Exercise description —
Retype, word for word, the lines from the first line of the entries through the line that holds "ウインカーの点滅には、以下のような点滅スピードと安定性に関する基準があります。"; leave out the pictures.

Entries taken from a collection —
________________
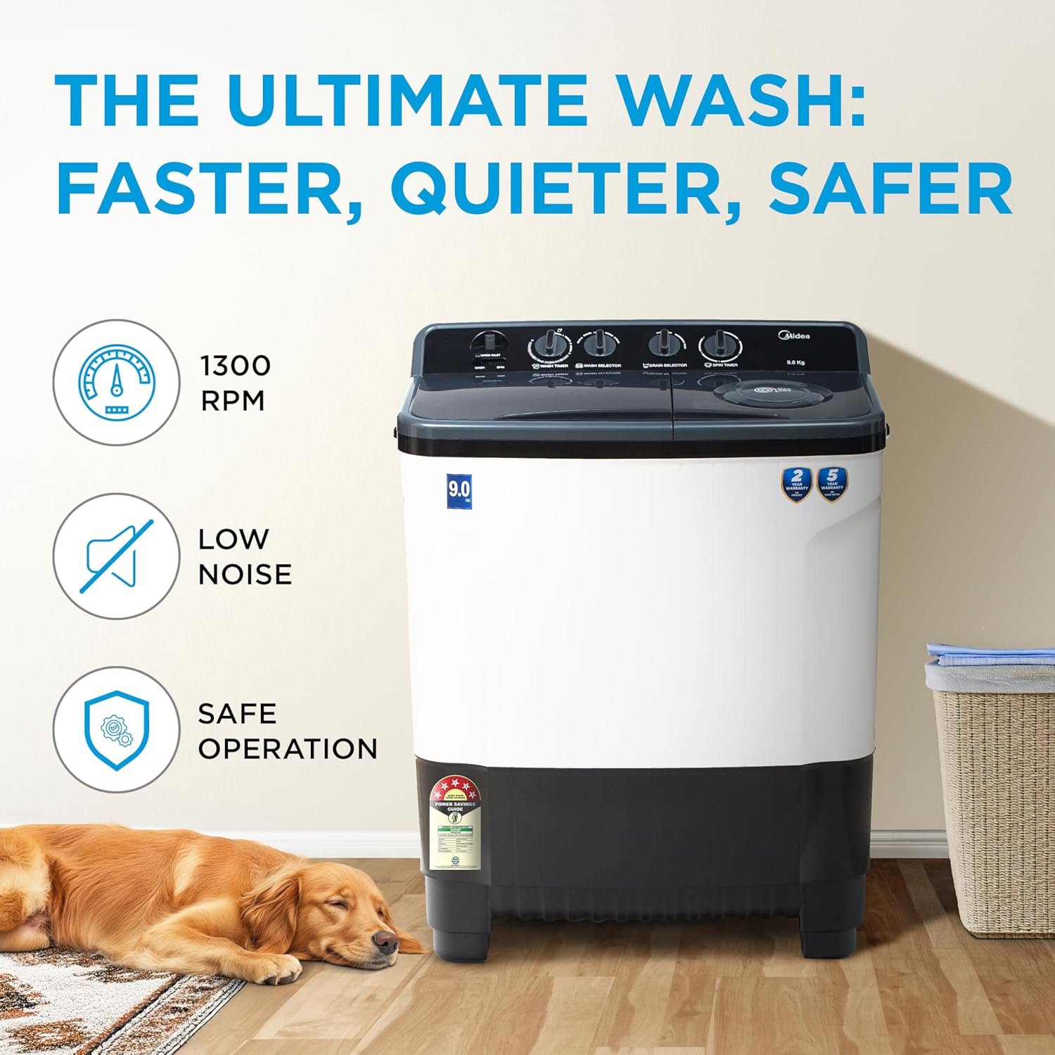 3. 5-Star Energy Rating with Low Power Use: Certified with a 5-star Energy Rating and running on just 150 watts, this model ensures energy-efficient performance without compromising wash quality. It’s a great choice for eco-conscious users.
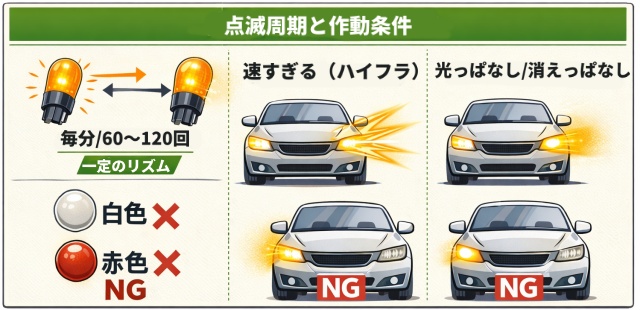 ウインカーの点滅には、以下のような点滅スピードと安定性に関する基準があります。
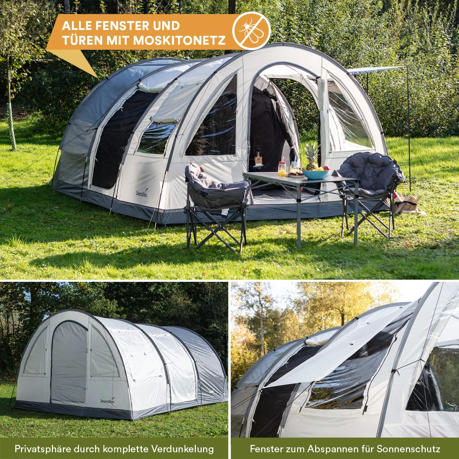 Met zijn tunnelvorm is de Skandika Simo 5 snel en eenvoudig op te zetten, waardoor hij de perfecte aanvulling is voor gezinnen en vrienden op de camping of een festival, en ook een heerlijk vakantiegevoel geeft als je in de tuin verblijft!
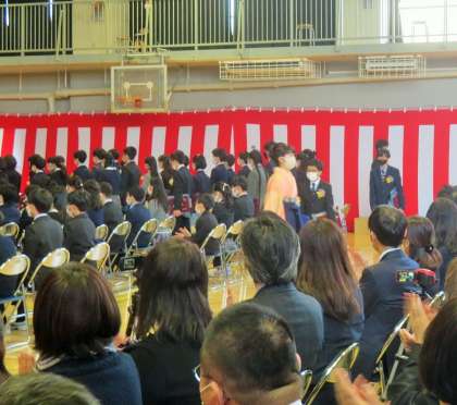卒業生の退場です。これまでの感謝の気持ちを込めて、一人一人が胸を張って退場しました。
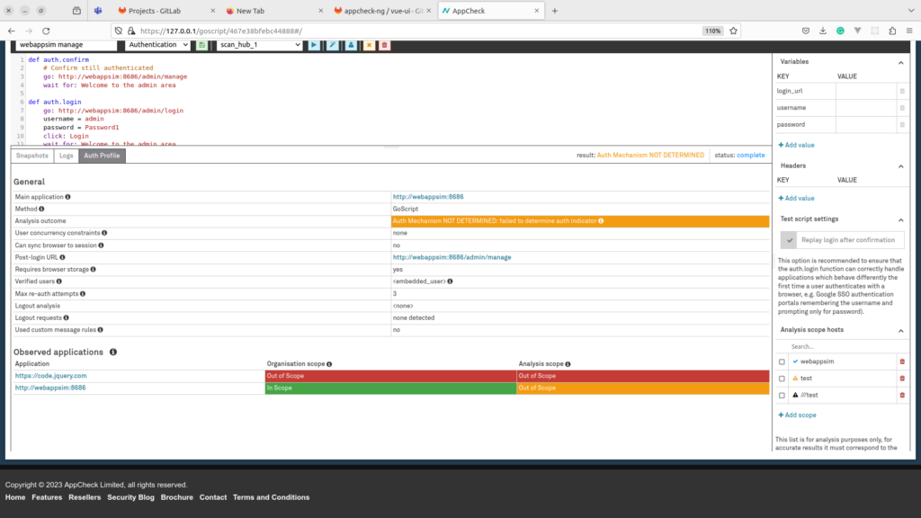 This new module assists in checking that authentication is going to hold within a web application scan, driving a browser through the authentication steps but then analysing the authentication method and testing how the session is maintained as well as any limitations on the session.
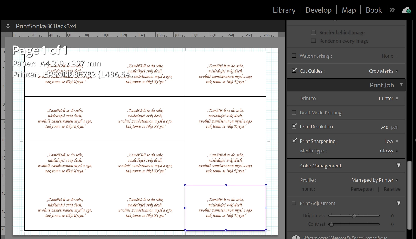 I'm using LRC's print module with a layout of 12 cells at one A4 sheet. All cells contain the same image.
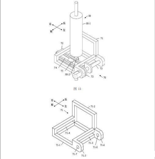 如图13所示,滑动座72包括第一U形板72-1、第二U形板72-2、盖形板72-3、第一尾板72-4、以及第二尾板72-5。第一U形板72-1和第二U形板72-2的开口端都与盖形板72-3的左侧面(即里侧面)固定连接,并且第一U形板72-1和第二U形板72-2均与盖形板72-3相垂直,其中盖形板72-3沿竖直方向延伸且盖形板72-3上设置有通孔72-8,第一U形板72-1和第二U形板72-2均沿水平方向延伸;第一U形板72-1位于第二U形板72-2的上方,第一U形板72-1与第二U形板72-2相互平行且二者之间设置有一个缝隙72-9。在本实施例中,第一U形板72-1与第二U形板72-2相同。
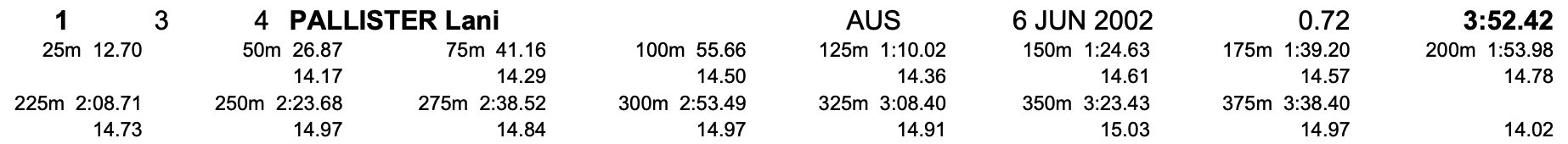 - 400 Stile Libero Donne - Lani Pallister (AUS) – 3:52.42
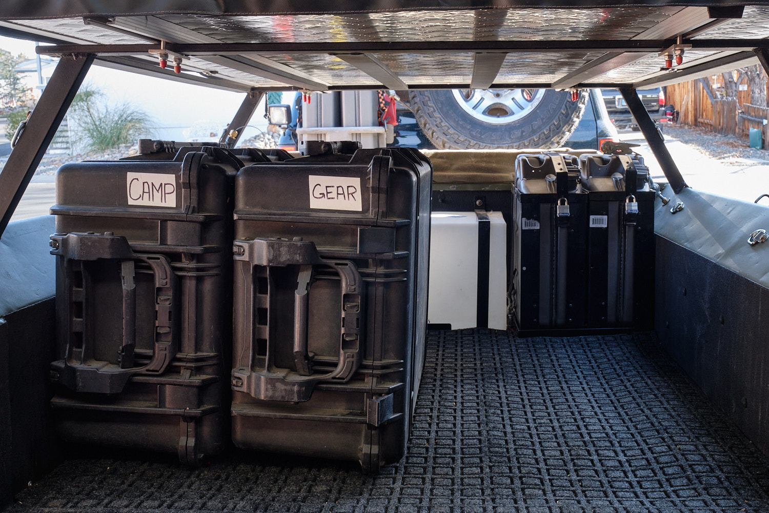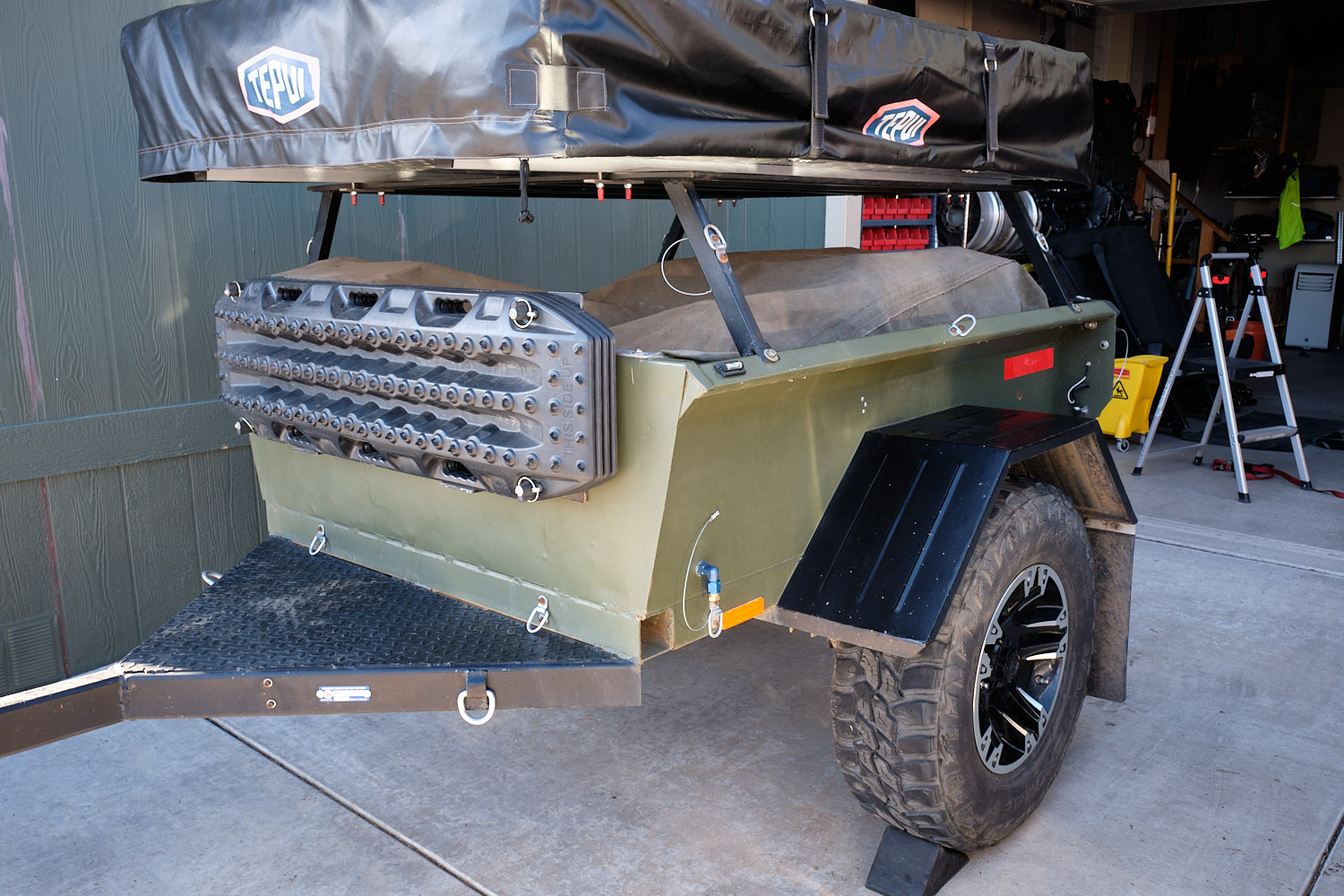 The trailer also has an installed 15 gallon water tank. The water outlet fitting is a swivel AN fitting. We have about a 6' hose to attach and gravity works great. Additional we have a 3 gallon shower tank in one of the Pelican cases. Two 20L Nato fuel can carriers. Maxtrax carrier utilizing Maxtrax lockable mounting pins. Two Pelican 1650 cases and an 11 lb propane tank. To make off-road towing perfect there is a Lock n' Roll hitch. There is no lid on the trailer. However I devised mounting a canvas tarp that works excellent. No water or dust in any appreciable amount gets in. There is a rear 2" receiver that holds a support when the trailer is used unhitched. Tires are in good shape. Rims are 5 lug Jeep pattern. Leaf sprung with shocks. Within the last 1,000 miles I replaced the wheel bearings and seals. Axle specs out to 2,500 lb version.
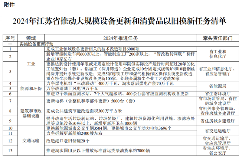 附件:2024年江苏省推动大规模设备更新和消费品以旧换新任务清单
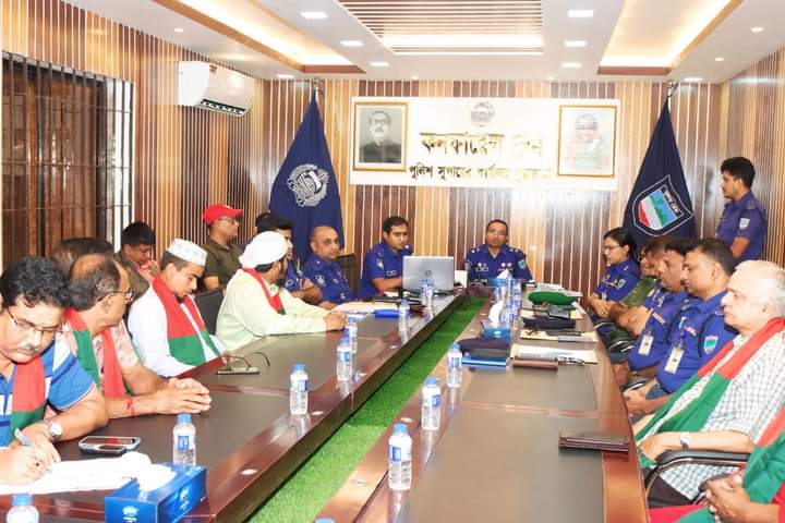 স্টাফ রিপোর্টার: চুয়াডাঙ্গায় শারদীয় দুর্গাপূজা সুষ্ঠুভাবে উদযাপনের লক্ষ্যে পূজা উদযাপন কমিটির সাথে মতবিনিময়সভা অনুষ্ঠিত হয়েছে। চুয়াডাঙ্গা জেলা পুলিশের আয়োজনে পুলিশ সুপারের কার্যালয় সম্মেলন কক্ষে বুধবার বিকেলে আসন্ন শারদীয় দুর্গাপূজা উপলক্ষে সনাতন ধর্মালম্বী নেতৃবৃন্দের সাথে আইন শৃঙ্খলা বিষয়ক মতবিনিময় সভা অনুষ্ঠিত হয়। চুয়াডাঙ্গার পুলিশ সুপার আবদুল্লাহ আল মামুনের সভাপতিত্বে আইনশৃঙ্খলা বিষয়ক মতবিনিময় সভায় আরও উপস্থিত ছিলেন অতিরিক্ত পুলিশ সুপার (ক্রাইম অ্যান্ড অপস) মো. নাজিম উদ্দিন আল আজাদ, পিপিএম, অতিরিক্ত পুলিশ সুপার (সদর সার্কেল) আনিসুজ্জামান, সহকারী পুলিশ সুপার (দামুড়হুদা সার্কেল) জাকিয়া সুলতানা, ডিআইও-১ আবু জিহাদ ফকরুল আলম খানসহ চুয়াডাঙ্গা সকল থানার অফিসার ইনচার্জগণ, চুয়াডাঙ্গা জেলা হিন্দু বৌদ্ধ খ্রিস্টান ঐক্যপরিষদের সভাপতি ডা. মার্টিন হীরক চৌধুরী, চুয়াডাঙ্গা জেলা পূজা উদযাপন পরিষদের সভাপতি কিশোর কুমার আগরওয়ালা, সাধারণ সম্পাদক কিশোর কুমার কু-ু, চুয়াডাঙ্গা জেলা উলামা পরিষদের সভাপতি মো. জুনাইদ আল হাবিবীসহ উপজেলা পূজা উদযাপন কমিটির সভাপতি ও সেক্রেটারি, হিন্দু-বৌদ্ধ-খ্রিস্টান ঐক্য পরিষদের সভাপতি ও সেক্রেটারি, উপজেলা ইমাম পরিষদের সভাপতি ও সেক্রেটারি, ইসলামী ফাউন্ডেশনের কর্মকর্তা ও জেলা পুলিশের বিভিন্ন পদমর্যাদার অফিসারগণ। এ সময় পুলিশ সুপার অবদুল্লাহ আল মামুন বলেন, প্রতিটি ম-পে ২৪ ঘণ্টা পুলিশ ও নিজস্ব স্বেচ্ছাসেবক পাহারা থাকবে। স্বেচ্ছা সেবকদের ব্যাচ পরা থাকতে হবে। প্রতিটি ম-পে সিসি ক্যামেরা বসাতে হবে। ২৪ ঘণ্টা সিসি ক্যামেরায় মনিটরিং করা হবে। পুরুষ ও মহিলারা আলাদা আলাদাভাবে মন্দিরে আসতে হবে। কেউ মাদক সেবন করতে পারবে না। বিশেষ করে মদ্যপান করা যাবে না। কোন মসজিদের পাশে ম-প হলে নামাজ ও আজানের সময় মন্দিরে গান-বাজনা বাদ্যযন্ত্র বন্ধ রাখতে হবে। নামাজ শেষ হলে মসজিদের ইমামের সাথে কথা বলে পুজা-আরতি শুরু করতে হবে। প্রতিমা এমন ঘরে বা এমন জায়গায় স্থাপন করতে হবে যেন প্রাকৃতিক দুর্যোগ বিশেষ করে ঝড়, বৃষ্টি, বাতাসে ক্ষতিগ্রস্থ না হয়। পুলিশ সুপার আরো বলেন, সাম্প্রদায়িক সম্প্রীতির এ দেশে যার যার ধর্মীয় উৎসব সে সে সুন্দরভাবে পালন করবে।
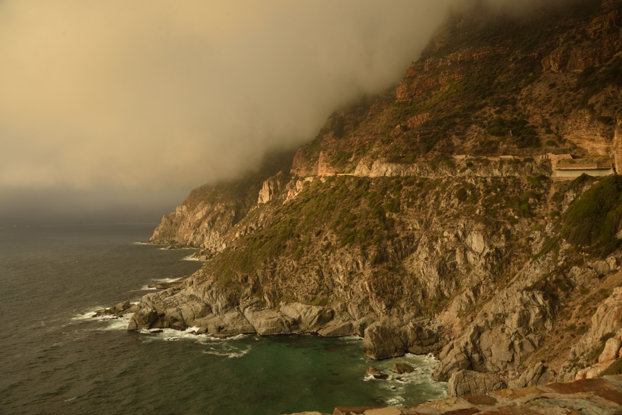 19.3.: Wir machen die Tour zum Kap und auf den gewundenen Chapman Peak Drive (Maut pflichtig) entlang der Steilküste direkt in den Sonnenuntergang:
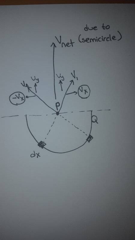 The direction of electric potential due to the semicircle is in +y direction. Because the Vx components will cancel due to the symmetry. Like in the image.
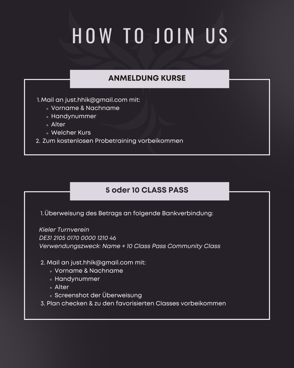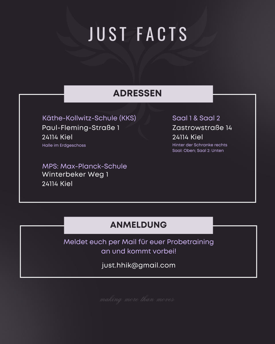 Probetrainings nur auf Anfrage: just.hhik@gmail.com
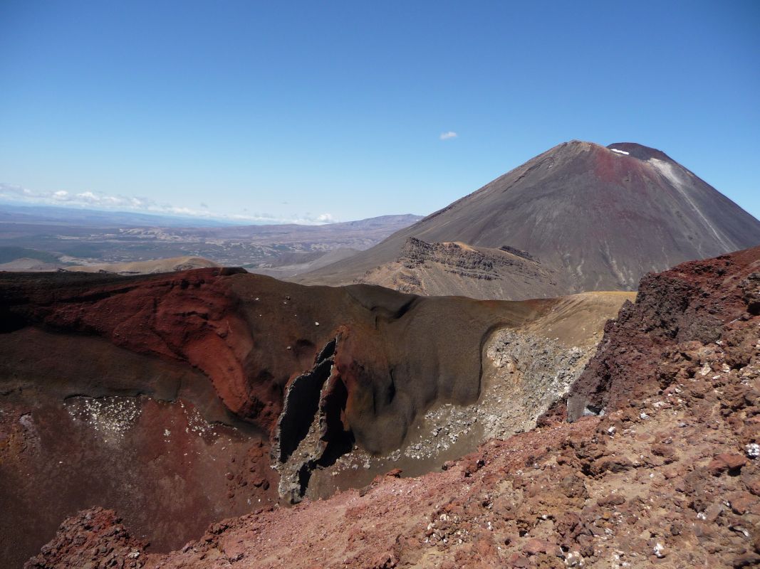 Zum Red Crater ging es steil bergauf, aber so hat man die Möglichkeit, in den Crater hinzusehen. Der Name hält, was er verspricht. Von da aus gibt es auch einen Weg zum Tongariro Vulkan.
________________
Written response —
 3. 5-Star Energy Rating with Low Power Use: Certified with a 5-star Energy Rating and running on just 150 watts, this model ensures energy-efficient performance without compromising wash quality. It’s a great choice for eco-conscious users.
 ウインカーの点滅には、以下のような点滅スピードと安定性に関する基準があります。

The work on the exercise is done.